Since this looks like a rather complex request, here is an attempt to recap.

Proposal

  • The bot should recognize a new template argument in the form of "level=3" which tells the bot to archive threads starting with "=== Title ===", and keep headings in higher levels intact.
  • The bot should replicate the higher thread structure from the original page into the archive page. The bot should parse the archive page to determine the locations where threads should be archived. See Dalba's comment for an example.
    • In an archive page, threads of the target level should probably be ordered within a parent thread by last timestamps (consistent with the current state).

Current state

  • The bot archives level-2 threads (starting with "== Title ==") only. If a level-2 thread has level-3 threads such as "=== Sub topic 1 ===" and "=== Sub topic 2 ===" in it, those will stay together if one of the two is old enough.
  • The bot doesn't (have to) parse archive pages. Threads newly archived are always appended at the bottom. This effectively reorders threads by the last message's timestamp.

Event Timeline

Dalba created this task.Nov 28 2015, 12:45 PM
Dalba updated the task description. (Show Details)
Dalba raised the priority of this task from to Needs Triage.
Dalba added a subscriber: Dalba.
Dalba updated the task description. (Show Details)Nov 28 2015, 12:48 PM
Dalba set Security to None.
jayvdb added a subscriber: jayvdb.

@Dalba, would you be able to co-mentor this enhancement with me if we added this as a Google-Code-In-2015 task? If someone submits a solution for the task, we would need to test their solution within 24 hrs, so it would be safer if there are two mentors who can test the code.

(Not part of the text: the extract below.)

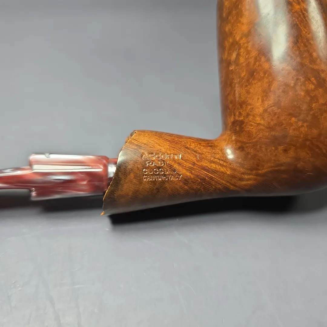 Caminetto was founded around 1968, beginning as a small workshop with Guiseppe Ascorti and Luigi Radice as its principal pipe makers. A third individual, Gianni Davoli, entered the picture shortly thereafter, acting as a distributor and sales representative for Ascorti and Radice’s pipes. These pipes were incredibly successful, leading to expansions of the workshop and, ultimately, a production model that didn’t suit either of its founders. While the workshop was by no means a factory in the traditional sense, the manufacturing of Caminetto pipes was standardized and compartmentalized, meaning Ascorti and Radice didn’t have the same control over the pipes they made as had been the case when they started. The stamping of the pipes is typically taken to be reflective of this, with the earliest Caminetto pipes bearing the names of Ascorti and Radice, and later pipes dropping this convention (even while the two were still an integral part of the workshop).

As long as it's just testing, sure, I can test! :)

@Dalba , great. can you do https://www.mediawiki.org/wiki/Google_Code-in_2015#Become_a_Wikimedia_GCI_mentor , and maybe ping Andre to send you a mentor invite.

Dalba added a comment.Dec 11 2015, 5:46 AM

@jayvdb I just noticed that Google does not allow participation from my country (Iran) and shows this message: "We're sorry, but this service is not available in your country. That’s all we know." Although I may be able to circumvent it using a proxy server, I prefer not to. Anyway, as I know students will submit their patches here on Phabricator and Gerrit, so hopefully I'll still be able to help on testing them if needed.

ok. ill set up the GCI task and ping you directly when I get the notification from the codein servers.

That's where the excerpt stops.